Le consortium comprend 4 partenaires français de Sophia Antipolis, Marseille et Paris. P1 et P4 ont des compétences complémentaires en biochimie, immunologie et investigation clinique. Grâce à leurs réseaux de cliniciens, le projet bénéficiera d'un accès rapide à plusieurs cohortes au cours des phases précoces et actives de la maladie. P2 fournira une expertise clé dans la production recombinante à haut débit des antigènes et des anticorps et P3 une expertise en biologie structurale. Tous les partenaires ont déjà travaillé ensemble. Le projet bénéficiera aussi d'un accès à des plateformes de pointe grâce aux laboratoires de P1, P2 et P3.
Le projet est divisé en 2 parties:
WP1. Au cours de la GEM active, nous identifierons le portefeuille d'épitopes moléculaires et les autoanticorps associés par des technologies à haut débit (criblage de bibliothèque de mutants PLA2R1/THSD7A et de banque de bacteriophages exprimant les fragments scFv des anticorps, analyse en cellule unique du répertoire des cellules B), jusqu'à la résolution atomique des complexes immuns.
WP2. Au cours de la phase asymptomatique, nous déterminerons le profil des anticorps dans des sérums de patients prélevés avant le diagnostic.
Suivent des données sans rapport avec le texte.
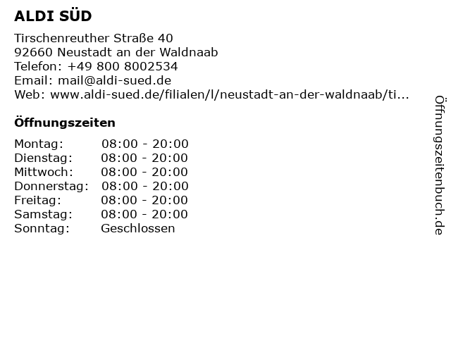 | Öffnungszeiten ALDI SÜD in Neustadt an der Waldnaab anzeigen | |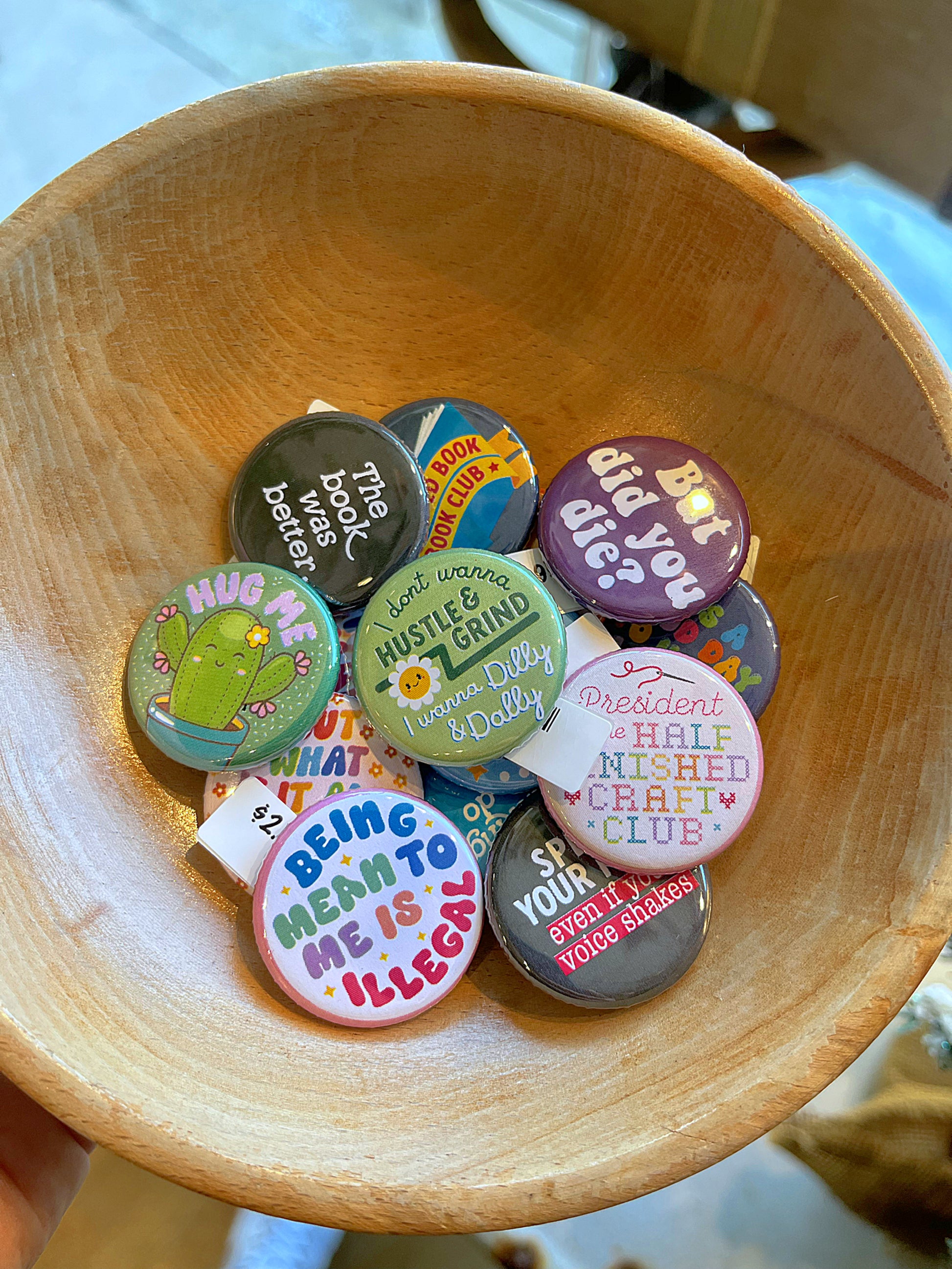 Add a touch of humor and encouragement to your style with our Button Pins. These versatile accessories can be easily pinned onto any bag or jacket for a fun and unique look. With a variety of funny sayings to choose from, your personality is sure to shine through!

Nous testerons enfin l'hypothèse selon laquelle l'origine de la GEM associée à PLA2R1 et THSD7A est associée à des modifications post-traductionnelles (PTMs) spécifiques des autoantigènes.
Nos travaux devraient conduire à une meilleure compréhension de la dynamique de la réponse autoimmune, qui est un élément clé de la physiopathologie de la GEM. Nous espérons apporter de nouvelles connaissances sur les mécanismes d'initiation et de maturation, les PTMs des antigènes et la nature moléculaire des complexes anticorps-antigènes. Nos travaux pourraient s'appliquer à d'autres maladies auto-immunes. Nos données pourraient conduire à l'identification de nouvelles stratégies pour mieux diagnostiquer les patients et développer des thérapies innovantes basées sur l'identification des épitopes.

Coordination du projet

Gerard Lambeau (Institut de pharmacologie moléculaire et cellulaire)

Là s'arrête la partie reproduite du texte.